Name of item: House "Hartford" including interior, front fence and front garden
Other name/s: Hartford, Mildred Parker Deaconess Training College
Type of item: Built
Group/Collection: Residential buildings (private)
Category: Mansion
Primary address: 244 Glebe Point Road, Glebe, NSW 2037
Local govt. area: Sydney
All addresses
Street AddressSuburb/townLGAParishCountyType
244 Glebe Point RoadGlebeSydney  Primary Address

Statement of significance:

Hartford is an outstanding example of a Federation Queen Anne style grand house, with Art Nouveu detailing, in a garden setting. It is stylistically related to 242 Glebe Point Road and together they make a strong contribution to the streetscape.

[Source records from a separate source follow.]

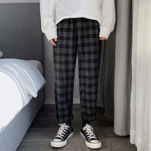 [셀럽하우스]일자 GCIK3833 밴딩 체크바지 통바지 편한 팬츠 남녀 울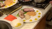 Kulajda leves, dupla cseh sült, párolt káposztával, Tarkedli diókrémmel és csoki öntettel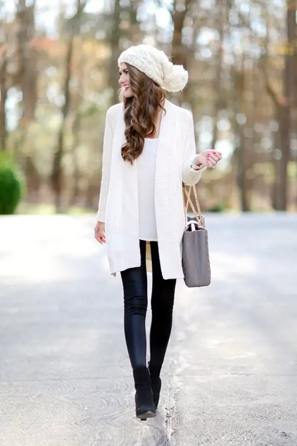 - Белый кардиган поверх рубашки с длинным рукавом отлично подойдет для выхода в свет, потому что в нем вы будете выглядеть собранно, не чувствуя себя слишком одетым или холодным зимой!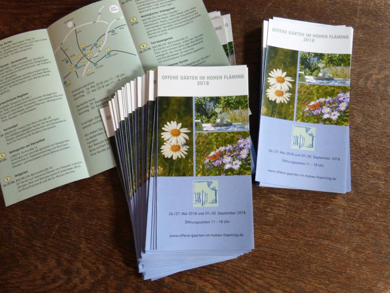Die nächsten Offenen Gärten im Hohen Fläming rücken in greifbare Nähe. Die Flyer für die neue Saison sind druckfrisch eingetroffen und auch die Homepage ist schon mit den aktuellen Terminen bestückt. :)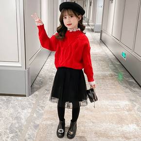 女童网红套装裙2021新款秋冬装女孩洋气时尚儿童红...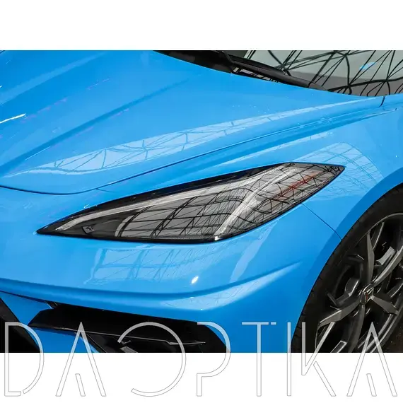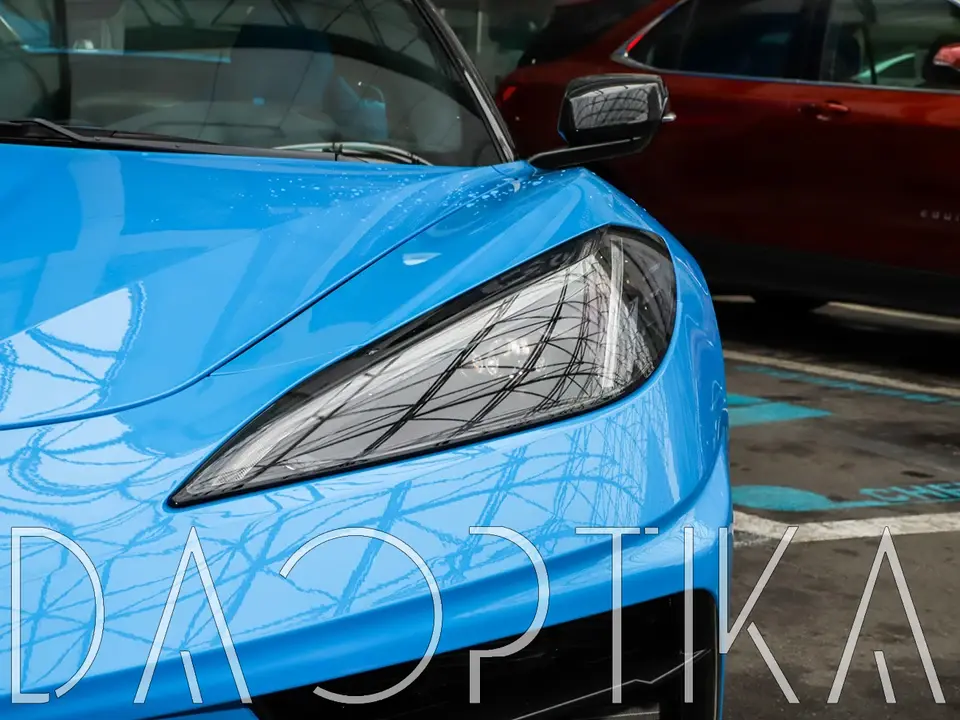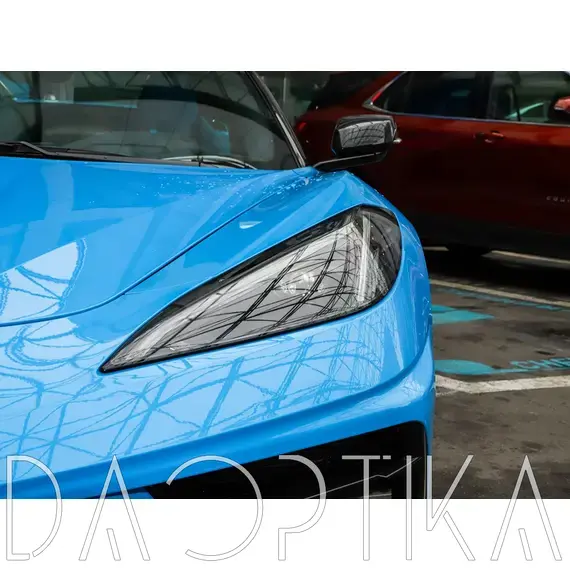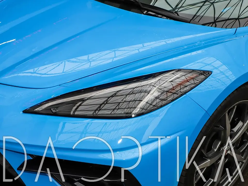 Стекло левой фары из оптического поликарбоната с защитным лаком для замены оригинального стекола фары на Chevrolet Corvette 2020-2024 C8

The site and building provide evidence of the subdivision and development of Toxteth Estate. The building's size and quality reflect the development of Glebe Point Road as a prestige address and the aspirations of the Allen family and the early residents of the Toxteth Estate. Hartford reflects the social importance in late nineteenth century Sydney of English cultural references and Scottish baronial architecture.

The building has historical associative significance for its association with the dentist, Dr E Randolph Magnus.
Date significance updated: 30 Oct 12
Note: The State Heritage Inventory provides information about heritage items listed by local and State government agencies. The State Heritage Inventory is continually being updated by local and State agencies as new information becomes available. Read the OEH copyright and disclaimer.

Description

Physical description: A freestanding Federation Queen Anne style grand house set on a wide corner site that has retained its context. It reads as two storeys but also has a lower ground floor level. It is set on a wide corner site at the corner of Glebe Point Road and Park Avenue that has retained its context. The building is setback from the street with front fence of stone-capped face brick on a stone plinth with cast iron quatrefoil motif panel. The front garden is large and informally landscaped and features a central concrete path, mature trees and provides an appropriate setting for the house.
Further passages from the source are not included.